→ WHAT IS BEING ASKED
All that is wanted is the exact text of the lines below from the one with "Leopold Wilhelm von" through the one with "Click on the", inclusive, minus any pictures.

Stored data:
□ □ □ □ □ □ □

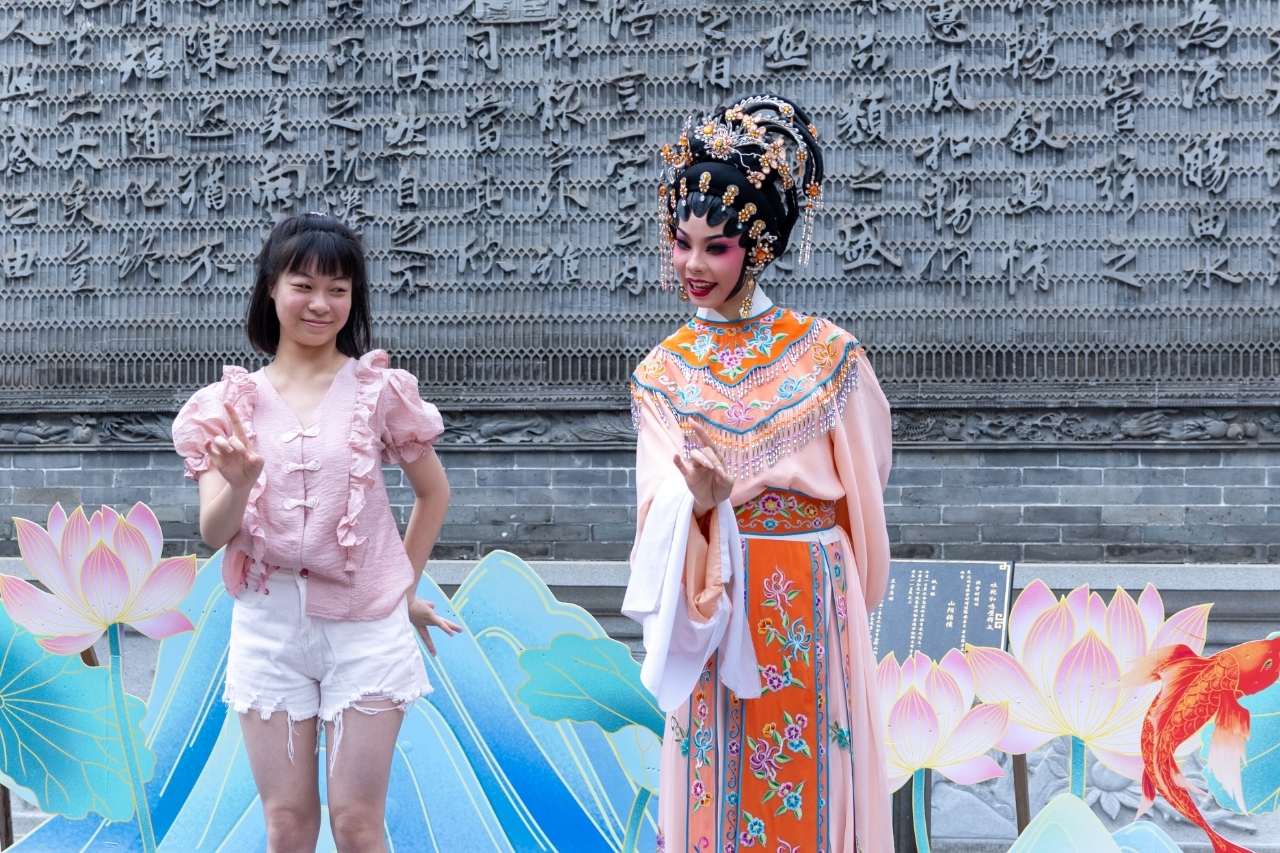 每日11:40的粤剧快闪巡游更是一大亮点,演员身着戏服沿艺林苑牌坊至风味馆巡游,以情景互动带领游客沉浸式感受粤剧魅力。
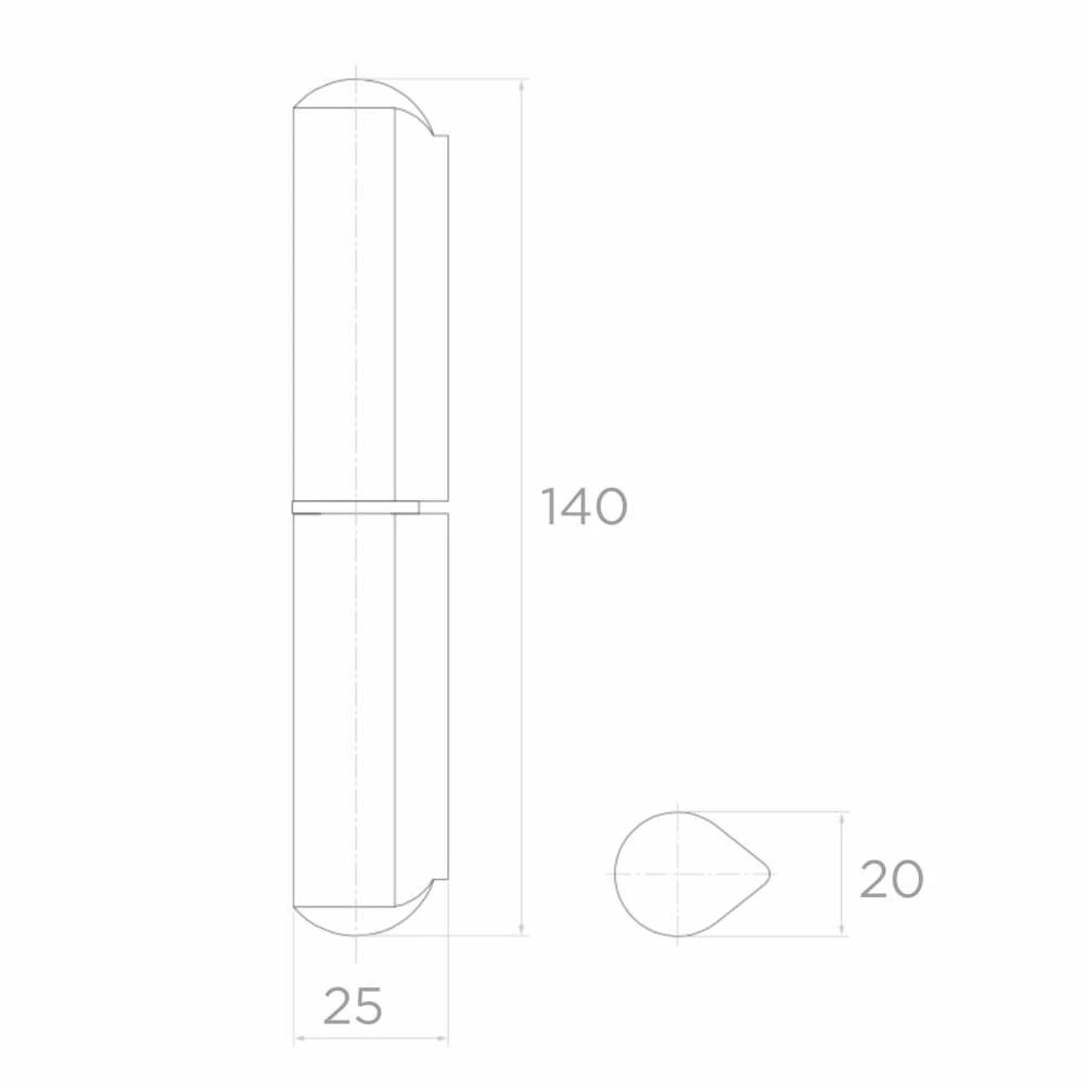 PSG rullat svetsbart gångjärn D20 x 140 mm – stålgångjärn för grind
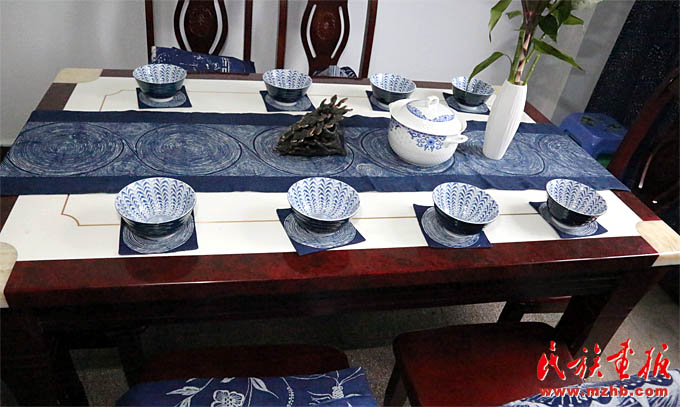 楊文斌老師和她的夫人梁定芳老師都是“非遺”傳承人?,F(xiàn)在他們忙著著書、講學(xué)、開研討會。談起蠟染、談起民族民間工藝,楊文斌老師滔滔不絕:“現(xiàn)在要從三個方面認(rèn)識和研究民族民間工藝:一是從歷史學(xué)、人類學(xué)、民族學(xué)的角度解讀,二是從審美學(xué)、藝術(shù)視覺理念的角度解讀,三是從工藝學(xué)、材料學(xué)、技藝學(xué)的角度解讀?,F(xiàn)在植物染料的加工和染色技藝消失得很快。老祖宗留下的寶貝到我們這代可不能扭曲和斷裂?!?/p>
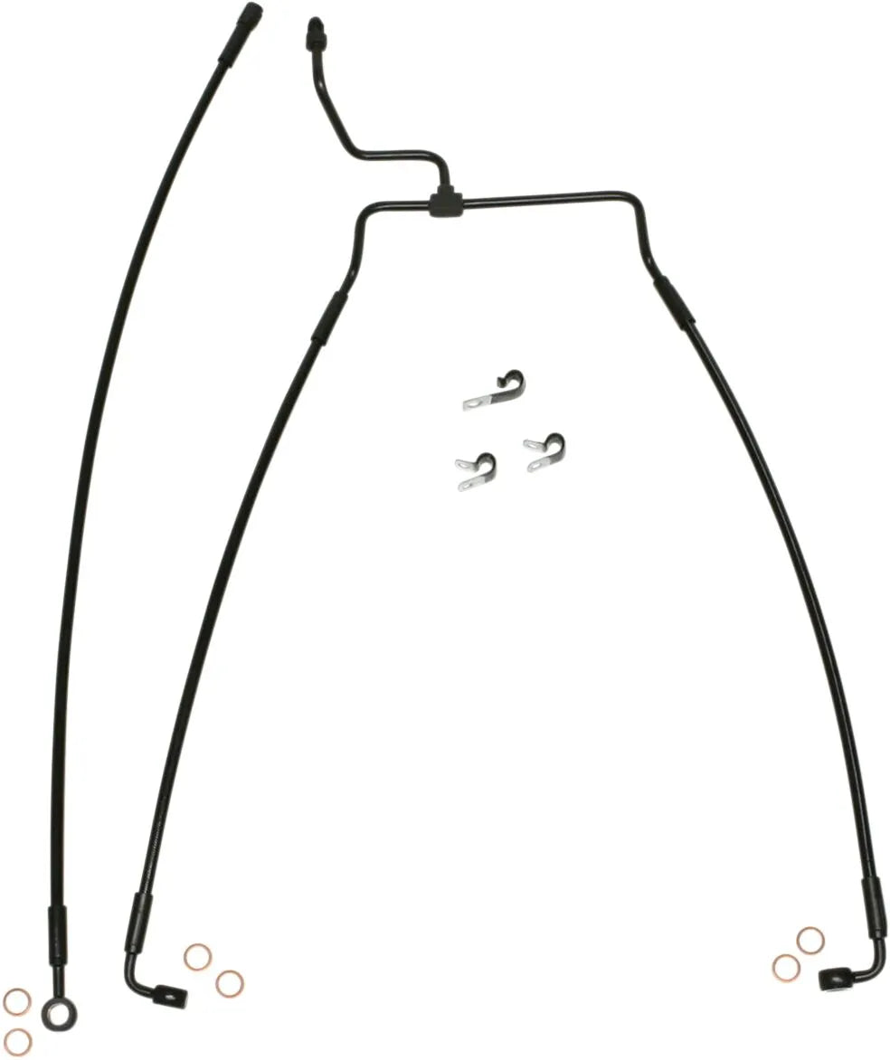 The Magnum Shielding XR Stainless Extreme Response Front Brakeline Kit is engineered to provide superior braking performance and durability. Its enhanced construction ensures optimal braking response, giving you greater control and confidence on the road. The inner PTFE tubing is braided with XR stainless steel reinforcement and embedded in a tough nylon outer jacket, offering exceptional protection for paint and chrome surfaces. The highly polished, chrome-plated fittings and brazed manifold construction provide a sleek appearance while eliminating leaks and alignment issues. With AN-3 connections for easy installation, this kit is a perfect upgrade for your motorcycle's braking system. This kit is specifically designed for motorcycles without ABS. Assembled in the U.S.A., this complete kit includes brake line assemblies that connect the caliper(s) to the master cylinder.
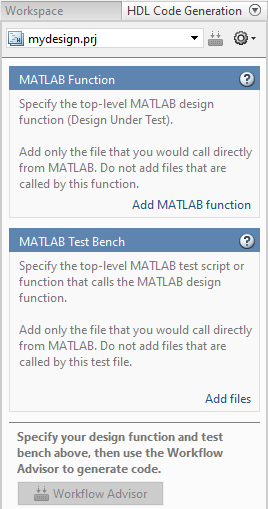 Сначала необходимо добавить в проект файл MATLAB, из которого требуется создать код. Добавьте только функцию верхнего уровня, вызываемую из MATLAB (тестируемый проект). Не добавляйте файлы, вызываемые этим файлом. Не добавляйте файлы с пробелами в именах. Путь не должен содержать пробелов, поскольку пробелы могут привести к сбоям генерации кода в определенных конфигурациях операционной системы.
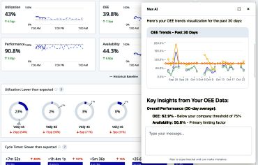 For example, Max AI's Continuous Improvement Agent pinpoints production bottlenecks, uncovers setup trends, and delivers shift reports that empower your team with real-time insights while automating routine tasks.
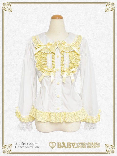 - White×Yellow small floral pattern×White lace×Yellow ribbon
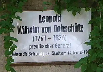 Leopold Wilhelm von Dobschütz (* 1. Januar 1763 in Brieg, Niederschlesien; † 3. Februar 1836 auf Gut Zölling, Kreis Freystadt, zuvor Kreis Sagan, Niederschlesien)[2] war preußischer General der Kavallerie. In den Befreiungskriegen von der französischen Vorherrschaft unter Napoleon Bonaparte erwarb er sich die Ehrentitel „Held von Dennewitz“ und „Befreier Wittenbergs“. Später wurde er Militärgouverneur der Rheinprovinzen und von Breslau.
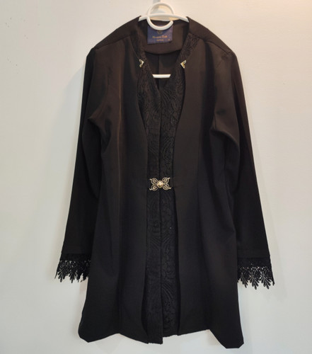 مانتو مجلسی زنانه رنگ مشکی گیپور دار قد ۷۵ سانت
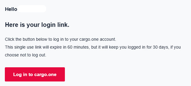 Click on the button 'Log in to cargo.one' - You can now log in for 30 more days by simply using your email and password 🚀
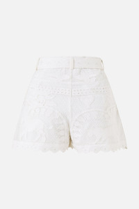 The Kapadokya Kitsch Lace Tuck Front Short is a handcrafted silhouette designed by our in house artisans. Reimagined in an exclusive limited edition print, these luxurious shorts feature front tucks, pockets and a removable belt for styling versatility. Its finished with a zip and button closure for effortless wear and decorated with intricately placed crystal embellishments. - 100% Cotton - Waistband - Front Tucks - Zip And Button Closure - Removable Belt - Pockets - Embroidery Details SKU 00038313-KAPAKITC-XS Size and Fit Our model is 5'10 (178cm) tall and wears a size S (AU 10). Bust: 40in (101.6cm) Waist: 26.5in (67cm) Hips: 38in (96.5cm) Designed and fitted true to size, take your normal size. Fabric and Care 100% COTTON
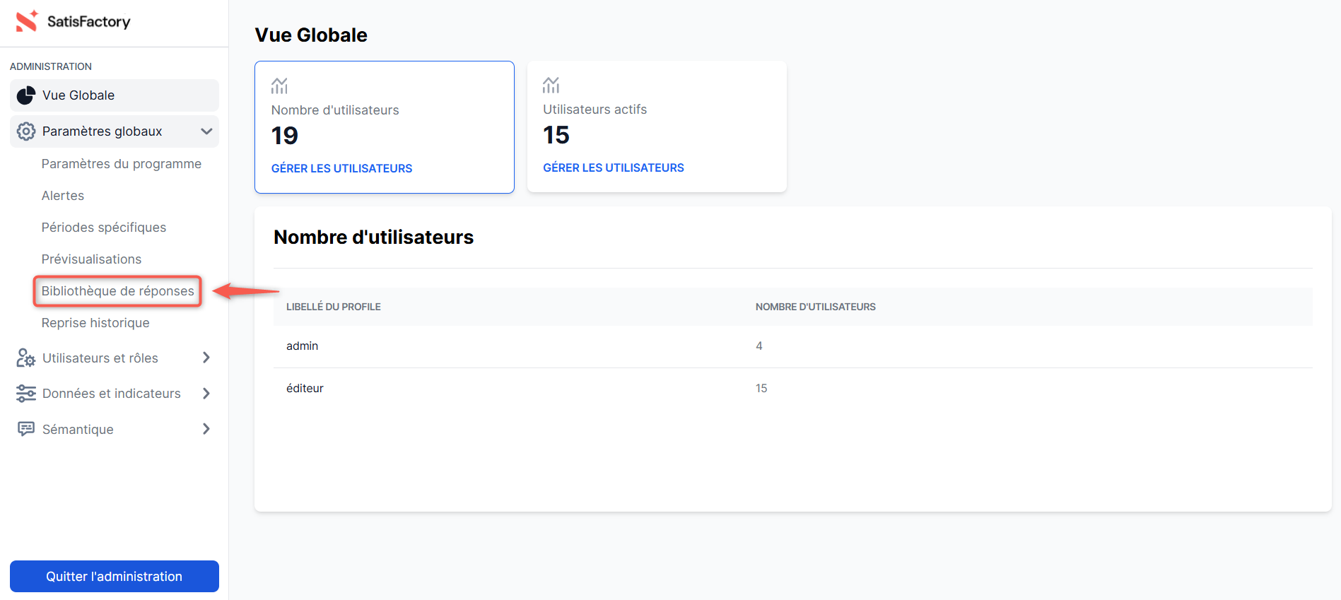 Ensuite, dans le menu latéral gauche du centre d'administration, déroulez la rubrique "Paramètres globaux", puis cliquez sur la section "Bibliothèque de réponses".
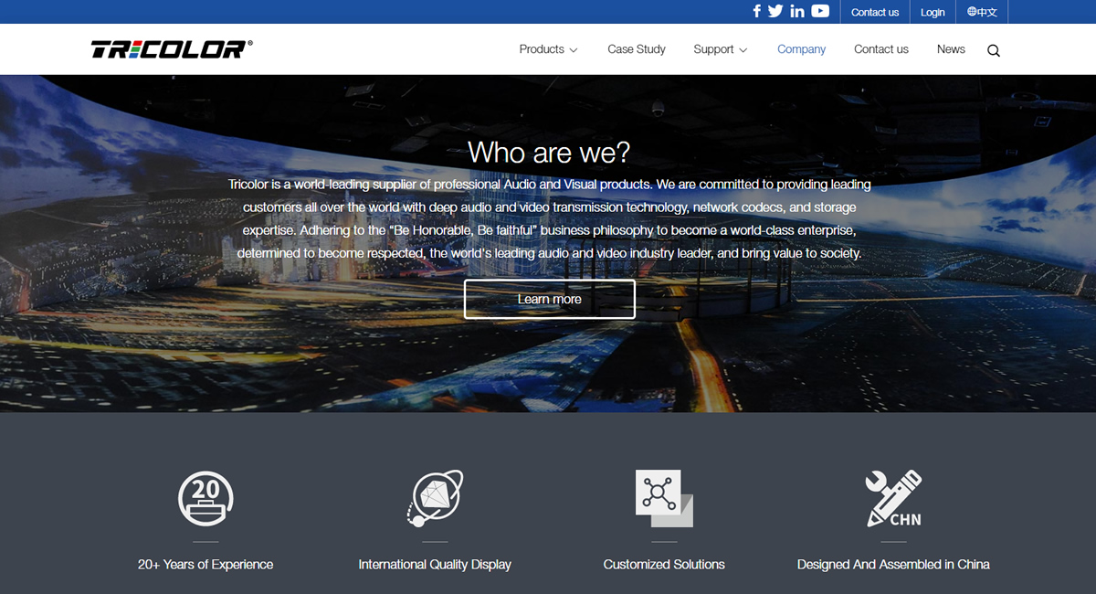 淳中科技(Tricolor)是全球領(lǐng)先的專(zhuān)業(yè)視音頻顯控產(chǎn)品及解決方案的供應(yīng)商,秉承深厚的圖像處理、音視頻編解碼、傳輸技術(shù)、系統(tǒng)集成的專(zhuān)業(yè)能力,致力于面向全球各行業(yè)客戶(hù)提供領(lǐng)先的顯控產(chǎn)品與解決方案及專(zhuān)業(yè)優(yōu)質(zhì)的服務(wù)。
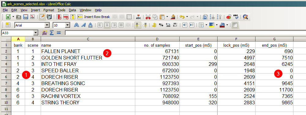 - The banks/scenes should be listed in ascending order, even if they are not continous.
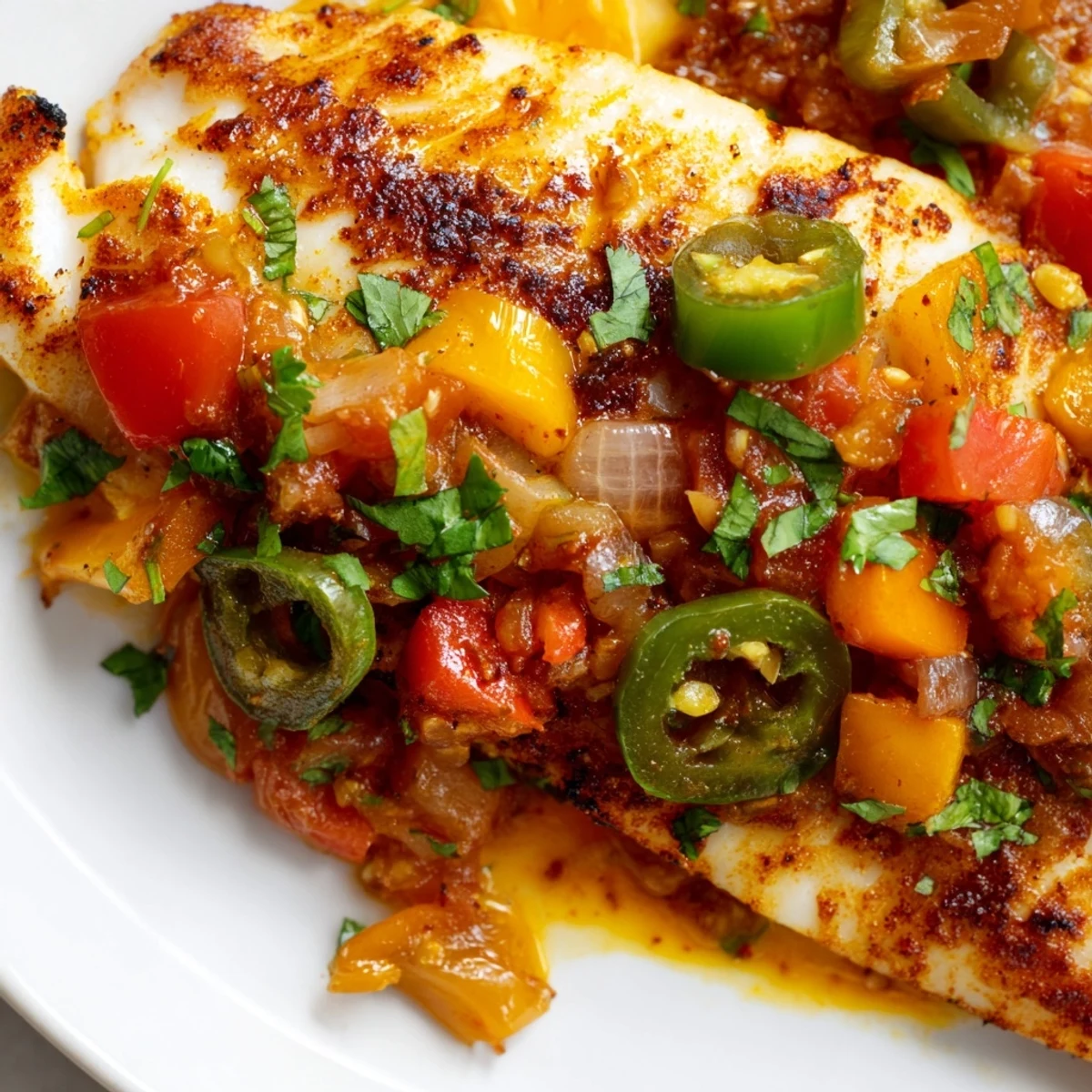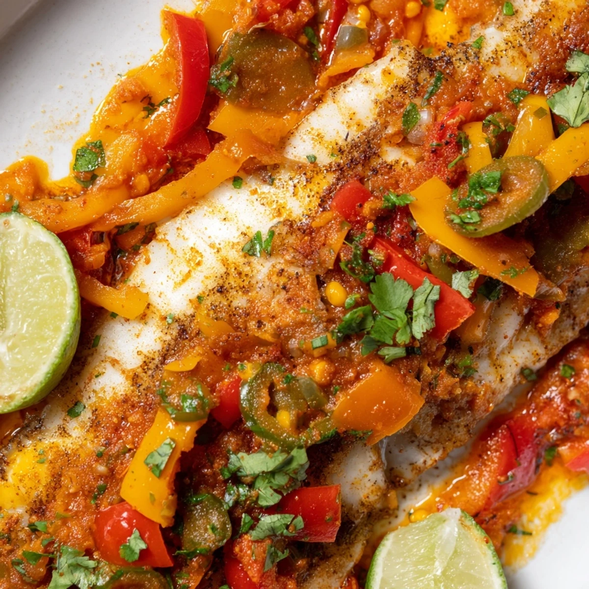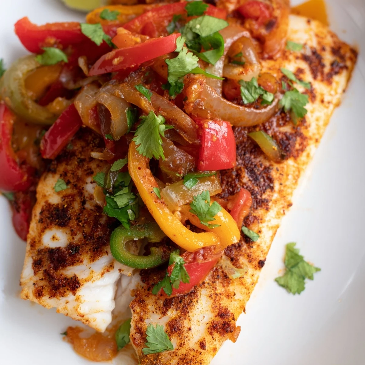 This one-pan tilapia brings together mild white fish with a colorful medley of roasted red and yellow bell peppers, jalapeño slices, and aromatic spices. The fish sears quickly to golden perfection, then simmers in a smoky tomato-based sauce infused with smoked paprika, cumin, and chili flakes. A finish of fresh lime juice and cilantro brightens every bite.

□ □ □ □ □ □ □

→ RESPONSE
 Leopold Wilhelm von Dobschütz (* 1. Januar 1763 in Brieg, Niederschlesien; † 3. Februar 1836 auf Gut Zölling, Kreis Freystadt, zuvor Kreis Sagan, Niederschlesien)[2] war preußischer General der Kavallerie. In den Befreiungskriegen von der französischen Vorherrschaft unter Napoleon Bonaparte erwarb er sich die Ehrentitel „Held von Dennewitz“ und „Befreier Wittenbergs“. Später wurde er Militärgouverneur der Rheinprovinzen und von Breslau.
 مانتو مجلسی زنانه رنگ مشکی گیپور دار قد ۷۵ سانت
 Click on the button 'Log in to cargo.one' - You can now log in for 30 more days by simply using your email and password 🚀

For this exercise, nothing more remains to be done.